After 17 years as Chairman of Novozymes’ Board of Directors, Mr. Henrik Gürtler has decided to not seek re-election to the Board at the Annual Shareholders' Meeting on February 22, 2017. The Board proposes the election of Mr. Jørgen Buhl Rasmussen as Chairman of the Board. Mr. Rasmussen has been a member of the Board since 2011 and Vice Chairman for the past year. The Board proposes Mr. Rasmussen as the new Chairman because of his in-depth knowledge of Novozymes, significant experience of leading global companies, and particular insight into businesses in emerging markets and consumer industries, most recently as the CEO of Carlsberg A/S.

The Board is proposing the election of Ms. Agnete Raaschou-Nielsen as Vice Chairman. Ms. Raaschou-Nielsen has also been a member of the Board since 2011. From 2014 to 2016 Ms. Raaschou-Nielsen was also Vice Chairman of the Board, and since 2011 she has been a member of the Audit Committee. Ms. Raaschou-Nielsen has extensive experience in strategic leadership, acquisition and divestment of companies as well as macroeconomics and protection of intellectual property rights.

In addition to the changes to the Chairmanship, the Board is proposing the election of two new members, Ms.

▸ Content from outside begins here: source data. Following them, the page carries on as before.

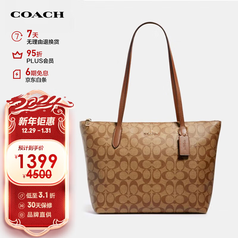 蔻驰(COACH)女士大号单肩手提包托特包卡其色/棕色4455IME74价格:1399.00元!
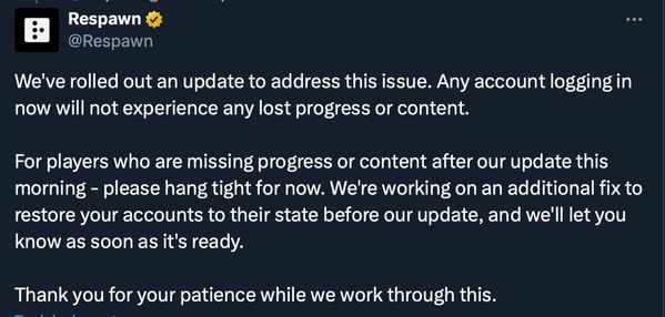 Nous sommes revenu dans le lobby avec une amie, un autre a rejoint l'escouade, on a tous persu la progression des derniers mois. Plus d'heirlooom pour aucun de nous, perte de niveau, de skins, badge et tout contenu gagné depuis un certain moment. Je suis passé du lvl 283 au lvl 194.
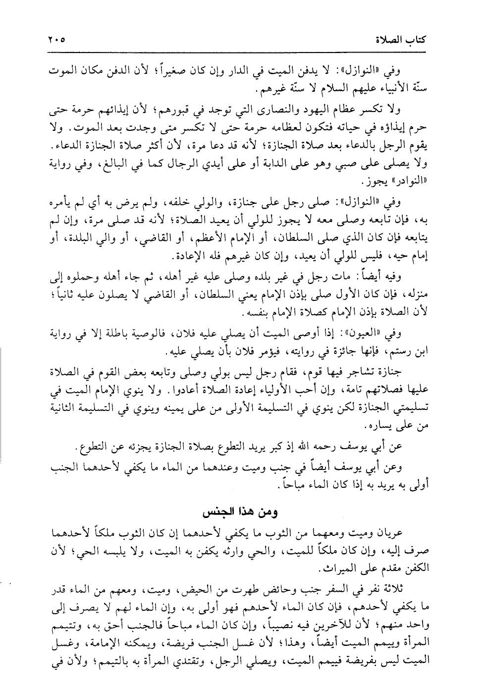 ولا تكسر عظام اليهود والنصارى التي توجد في قبورهم؛ لأن إيذائهم حرمة حتى حرم إيذاؤه في حياته فتكون لعظامه حرمة حتى لا تكسر متى وجدت بعد الموت. ولا يقوم الرجل بالدعاء بعد صلاة الجنازة؛ لأنه قد دعا مرة، لأن أكثر صلاة الجنازة الدعاء. ولا يصلى على صبي وهو على الدابة أو على أيدي الرجال كما في البالغ، وفي رواية «النوادر» يجوز.
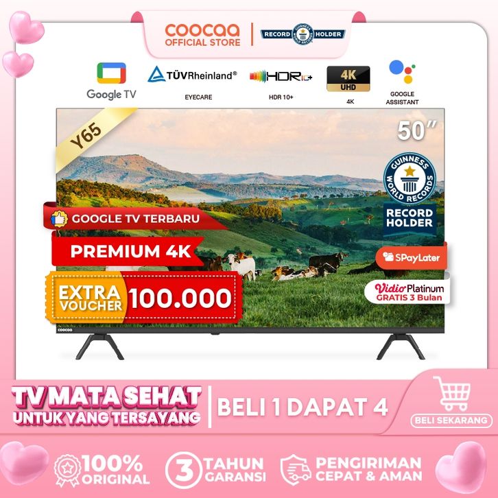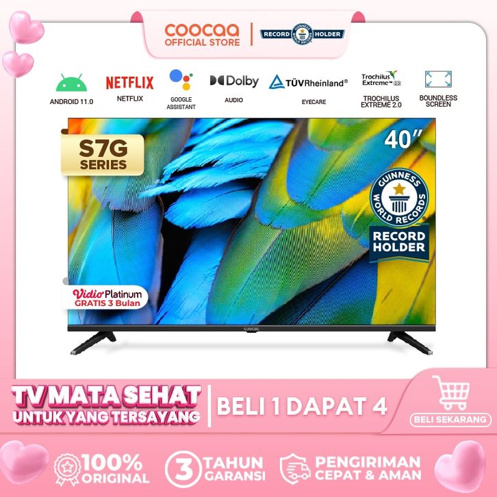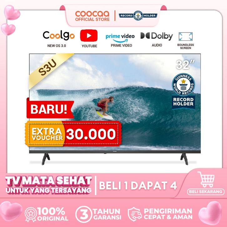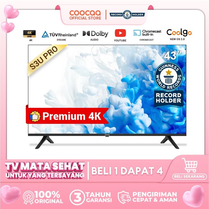 COOCAA 32/40/43/50/55/63 inch Smart TV Digital Dolby Audio Youtube Mirroring Flick Free Boundless WIFI
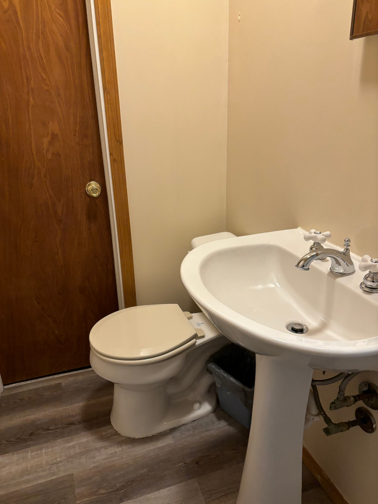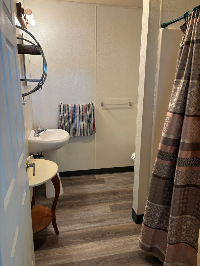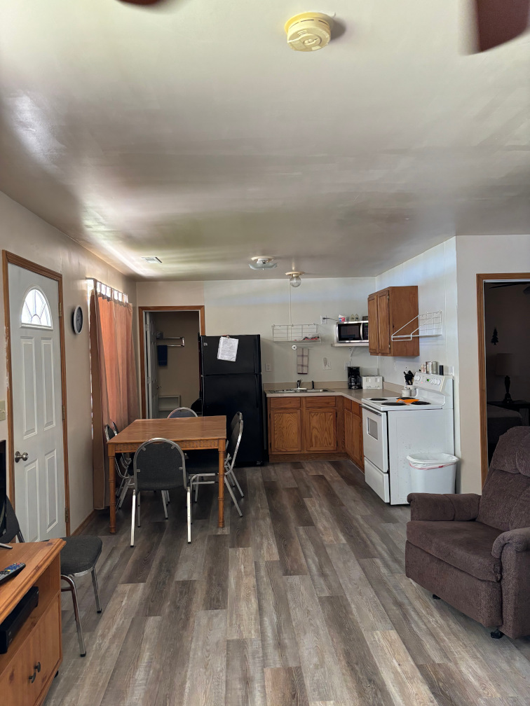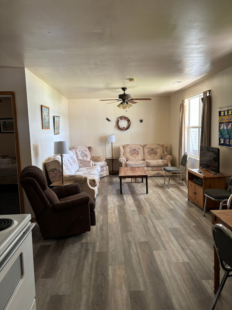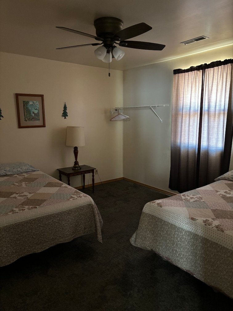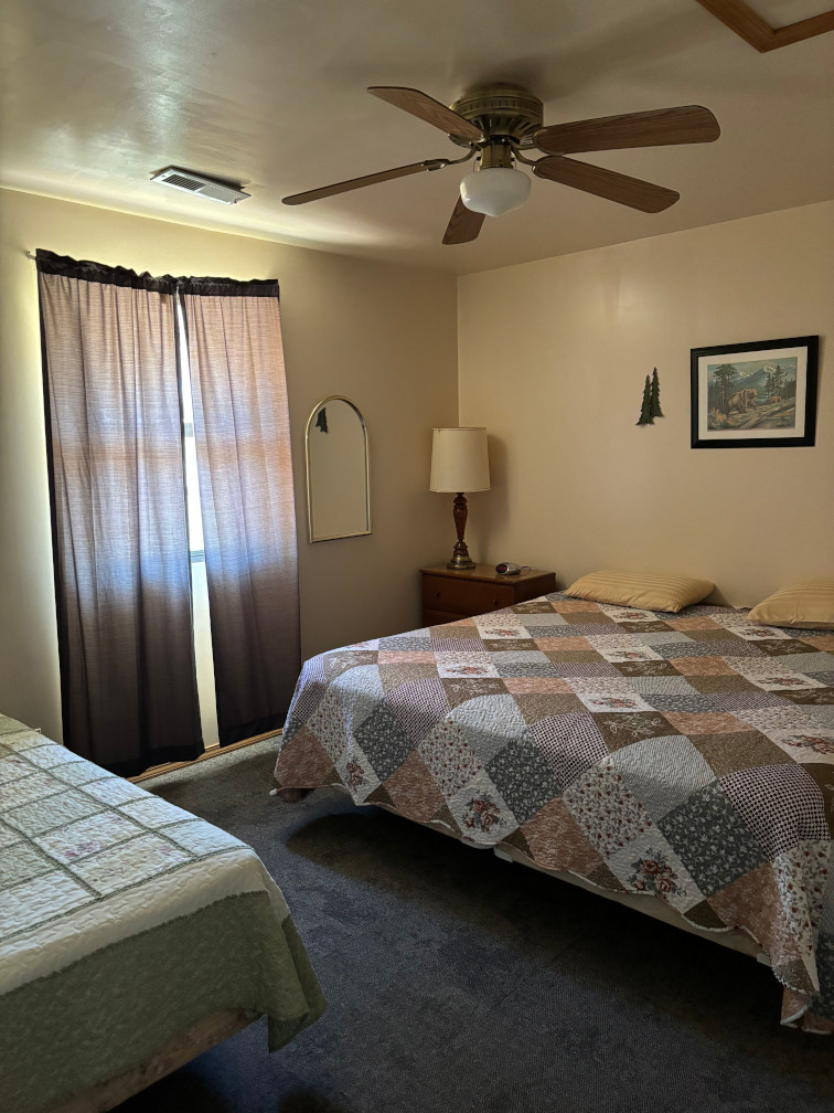 A ground level cabin with 2 large bedrooms, 1 king, 1 queen, 1 full and 1 twin sized beds, one and a half baths, lake view and covered patio.

Kim Stratton and Mr. Kasim Kutay.

Ms. Stratton is a member of the executive management of Shire, a global biotech company, where she is responsible for all commercial activities outside the US. The Board is proposing to elect Ms. Stratton because of her extensive international experience in technology companies that have created high growth with impressive earnings based on long-term investments in innovation. She has notable leadership experience from various commercial entities and has led organizations in both Switzerland, the US and the UK. The Board expects Ms. Stratton’s experience and global commercial perspective will strengthen Novozymes’ strategic agenda. Ms. Stratton is 54 years old and an Australian citizen.

Mr. Kutay is the CEO of Novo A/S, the main shareholder in Novozymes. Mr. Kutay has more than 25 years’ experience within the life science industry and banking, and brings notable international experience. The Board expects Mr. Kutay to strengthen the Board’s strategic and financial understanding when entering into partnerships and acquiring and divesting businesses. Mr. Kutay is 51 years old and a British citizen.

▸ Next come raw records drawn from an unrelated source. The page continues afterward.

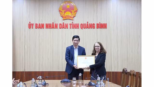 Le vice-président Hô An Phong remet le Certificat de Mérite du président du Comité populaire provincial à Kane Sharon Maree. Photo : quangbinh.gov.vn
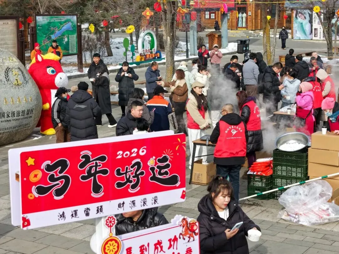 晨光启序,暖意先行。上午9时,景区入口处暖意融融,福圆品鉴会如期启幕。本次活动得到敦化雪梅食品倾情赞助,工作人员精心筹备,现场免费为市民与游客奉上软糯香甜的福圆,洁白圆润的福圆承载着团圆美满的美好寓意。同步开启的福茶品鉴区,茶香氤氲、雅致静谧,游客们在袅袅茶香中舒缓身心,在欢声笑语中感受节日温情,让整个景区都萦绕着暖意融融、年味绵长的浓厚氛围。
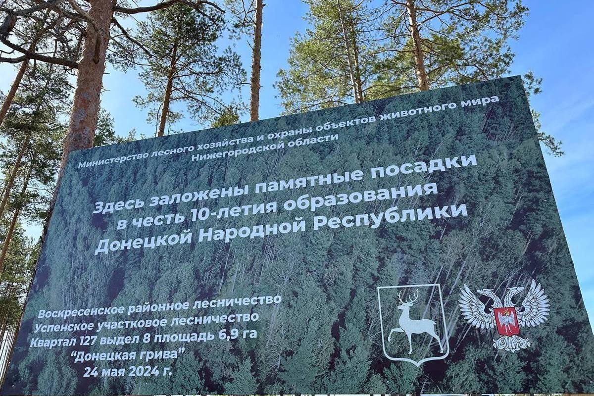 В честь десятилетия ДНР в Нижегородской области появилось урочище “Донецкая грива”, где волонтеры, активисты и представители местной власти на территории почти в 7 гектаров высадили 27 тысяч саженцев молодых сосен.
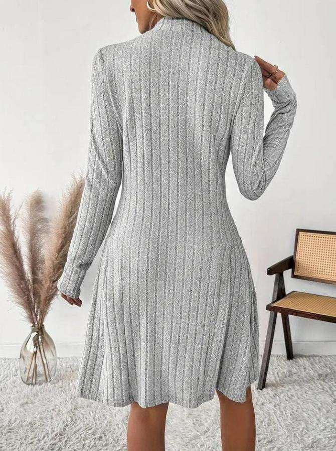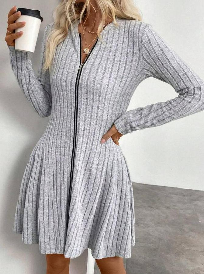 AnasayfaTüm ÜrünlerElbiseUzun Kollu Önden Fermuarlı Pileli Şardonlu Kaşkorse Mini Elbise

Innovation Campus ground breaking

On Nov. 8, 2016, Novozymes' CEO, Peder Holk Nielsen, and Lynby-Taarbæk Mayor, Sofia Osmani, broke ground at the company's new Innovation Campus in Lyngby, Denmark.

Tax strategy

Novozymes’ overall tax strategy and transfer-pricing policy support a positive tax contribution to society and governments in the countries in which Novozymes operates. Novozymes continuously works to fulfill its tax obligations in the countries where it operates. We seek to obtain a competitive tax level in a fair and responsible way, and with full regard to national and international laws and regulations. Besides taxes, our economic contributions include duties, VAT, employee taxes, employee pension and benefit programs, procurement from local vendors and job creation.

In 2016, Novozymes incurred corporate income taxes, and other taxes and duties that came to approximately DKK 1,425 million. In addition, Novozymes collected and withheld tax contributions on dividends and wages totaling approximately DKK 1,300 million. Novozymes’ total tax contribution therefore amounted to approximately DKK 2,725 million, compared with approximately DKK 2,700 million in 2015.